There is however another way of viewing DNA. While it is a powerful identifier, storing a mass amount of it means that the state is a capable of using an individual’s DNA for purposes other than aiding the investigation at hand. As most countries store DNA samples of unsolved crimes, it is possible to cross-reference an individual’s DNA with all previous crimes to see if there is any match. Therefore when the police take a defendant’s DNA, they can not only use it to further their current case: they can also easily discover any other charges which may be brought against the accused. With modern database technology this is both straightforward and effectively instantaneous – a very significant change from manually checking fingerprints against paper records. While this has potential benefits, it is open for abuse (for instance by individual police officers or corrupt states).

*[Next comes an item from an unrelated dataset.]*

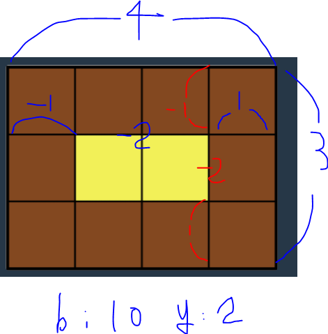 sqrt를 사용해 for문을 최소한으로 돌리는 약수 찾기 함수를 생성하여 b+y를 인자로 전달한 뒤 1,2,3을 담아 내림차순으로 정렬하여 리턴해주게 된다. 받은 1,2,3을 for문으로 다시 돌려 각 1,2,3마다 x,y축을 구하며 가운데 노란카페트가 깔리면 그 주위에는 1개의 갈색 테이블들이 깔린다는 점을 이용해 x-2와 y-2를 곱하면 가운데 노랑색이 나와야한다. 해당 조건에 일치하는 x,y를 구하자마자 바로 return 하며 for문을 종료시킨다.

Treating DNA as property is a way of protecting the rights of the individual against such abuses. If the police suspect someone of storing a large amount of Class A drugs in their house, they can apply for a warrant from a judge to search the property. If during the search a dead body is discovered, the police have every right to file charges against that individual for murder. Although Article 8 and the Fourth Amendment protect the individual from unnecessary police surveillance, the police must have the ability to pursue evidence of crimes they come across. DNA cross-referencing can be viewed in the same way. If the police have reasonable suspicion that an individual has committed a crime in the past they are allowed to run that person’s DNA through their database. If they find DNA evidence linking the accused to a different crime then they may open a new investigation, but a judicial warrant was required to search the database in the first place. This is the view that the European Court took, emphasising the need of ‘carefully balancing the potential benefits of the extensive use of such techniques against important private-life interests’.

Technological advancements in the last 15 years have made it possible for the state to use new, effective techniques for fighting crime, but they have also raised serious questions about privacy and the extent of our rights. Unless these issues are discussed and challenged by the public, there is a danger that the state will adopt these techniques without the consideration they deserve.